One of NZ’s biggest retailers The Warehouse Group (TWG) employs over 12,000 diverse people across brands including The Warehouse, Warehouse Stationery, Torpedo 7 and Noel Leeming. We talk to some of their rainbow team members about the importance of feeling included and celebrated in their workplace.
Learning Designer Ruscoe Bustenera–Kirby has no hesitation when asked why the Warehouse Group is the right workplace for him. “Simple,” he tells us. “I’m accepted and celebrated. I feel safe. I have been bullied before in a workplace and that never happened to me here.”
Ruscoe incorporates his creative skills into both his Learning Designer role and as a fashion designer out of work.
“It’s quite awesome that I can continue to learn and improve my skills in both roles and apply them to both as well. My role at TWG gives me structure and systems. It makes me more effective in listening and feedback, which are also essentials in building my fashion brand.

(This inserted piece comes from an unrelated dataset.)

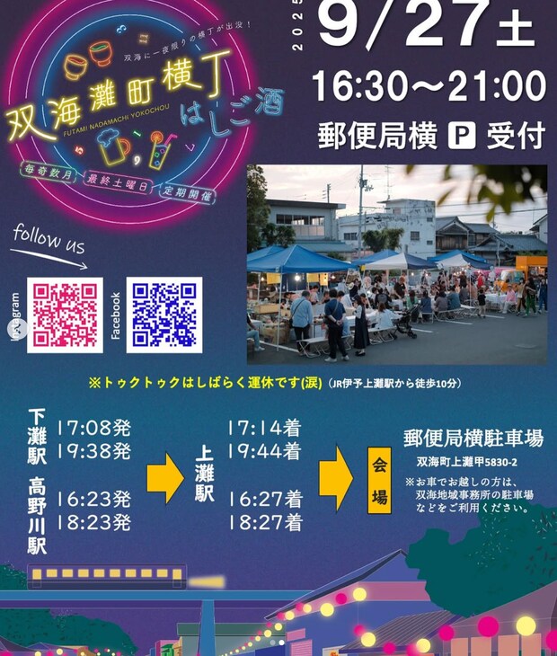 2025年9月27日(土)の夜は、ぜひ海町上灘へ。「双海灘町横丁はしご酒」で、記憶に残る一夜を過ごしてみませんか?

“I love that my colleagues and my managers are fully on-board with my aspirations in life. They never see that as a hindrance to my role and responsibilities at TWG. They even came and supported my first fashion show at fashion week last year. I love that they celebrate me!” He explains.
American-born Chief Marketing Officer Jonathan Waecker visited NZ for the first time three years ago with his husband, and the two made it their mission to move their lives here.

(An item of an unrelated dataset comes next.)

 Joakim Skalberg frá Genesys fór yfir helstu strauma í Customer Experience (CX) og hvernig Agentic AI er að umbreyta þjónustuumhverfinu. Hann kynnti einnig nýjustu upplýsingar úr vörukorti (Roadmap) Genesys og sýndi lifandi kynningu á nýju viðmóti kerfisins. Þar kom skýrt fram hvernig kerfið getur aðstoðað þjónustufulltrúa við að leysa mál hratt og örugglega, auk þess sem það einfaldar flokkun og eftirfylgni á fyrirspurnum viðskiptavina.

Coming to work for TWG, he says his most satisfying challenge has been working on a company goal of becoming carbon neutral and seeing it come to fruition.
“It’s always monumental when NZ gets to lead the world forward, so being one of the first three companies in the world to go 100% carbon neutral is a truly great feeling.”
Jonathon has a passion for progress in all forms and believes one of the most pressing issues the rainbow community face is ensuring no one is left behind.
“We have to make sure the tent of progress doesn’t stop with those lucky enough to get in first, as progress hasn’t touched all parts of the rainbow community equally; at least not yet.”
His thoughts are echoed by TWG’s Head of Content Marketing, Cassie Roma who believes now is the time we must strive to come together. “I think a lot of our community are getting lost in conversations that are divisive, hurtful, and unkind.” She tells us.
Her solution: “My biggest dream heading into 2020 would be for people to log off Facebook and digital forums where keyboard warriors try to tear others down, and instead look to our similarities for a starting point for healing. We all have individual, worthy, nuanced stories that matter. The easiest road to healing is to simply listen – we have two ears and one mouth. Using each in proportion is magic.”
Jonathon agrees; believing that workplaces can lead this healing and unite colleagues by ensuring everyone feels heard.
“A good start is to ensure that our organisations are filled with open conversations and constant invitations to help us all move the dialogue forward. Just a few steps by a few allies and organisations can make a seismic difference and lead the way for us all.” He tells us.
It’s conversations like these that lead to TWG’s Gender Transition policy, which provides an additional 10 days paid leave (on top of other leave types) as practical support for team members considering or undergoing a gender transition. The policy is supported by an accompanying manager guide that helps leaders to understand and provide support and encouragement to their transgender colleagues.
“It’s absolutely crucial that we represent the diversity of our customers and our communities. We can only be successful if we tap into the strengths that come from having passionate team members who bring diverse points of view and their whole selves to work each and every day,” Jonathon says.